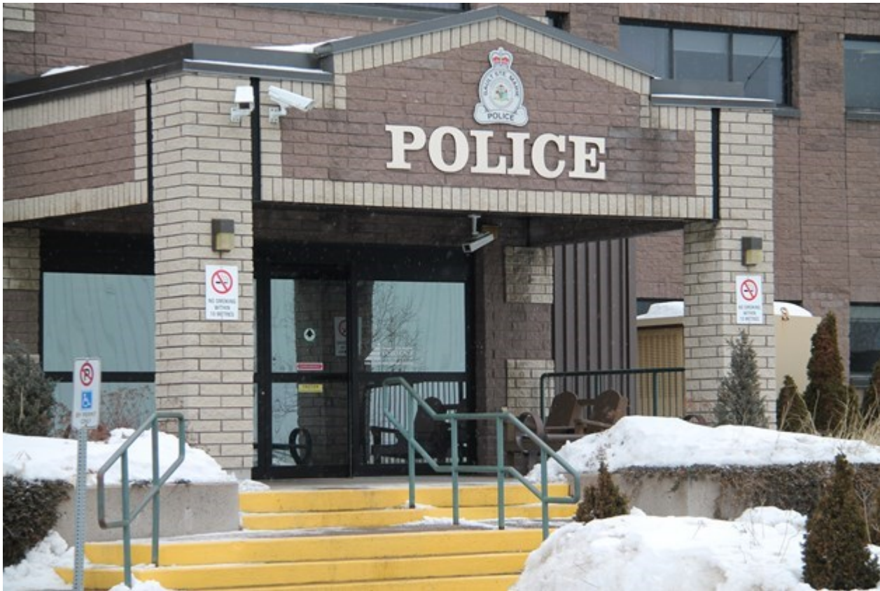
Existing Sault Ste. Marie Police Service building on Second Line.
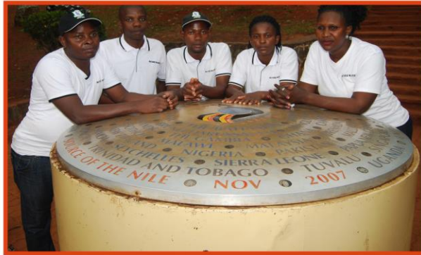
A small section of Mother Majeri staff photographed at the source of the River Nile.
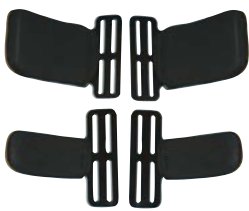
Fixed Lateral Pads

### [ASSIGNMENT]
Pictures aside, repeat every line of the data above exactly.

### [TASK OUTPUT]
Existing Sault Ste. Marie Police Service building on Second Line.
A small section of Mother Majeri staff photographed at the source of the River Nile.
Fixed Lateral Pads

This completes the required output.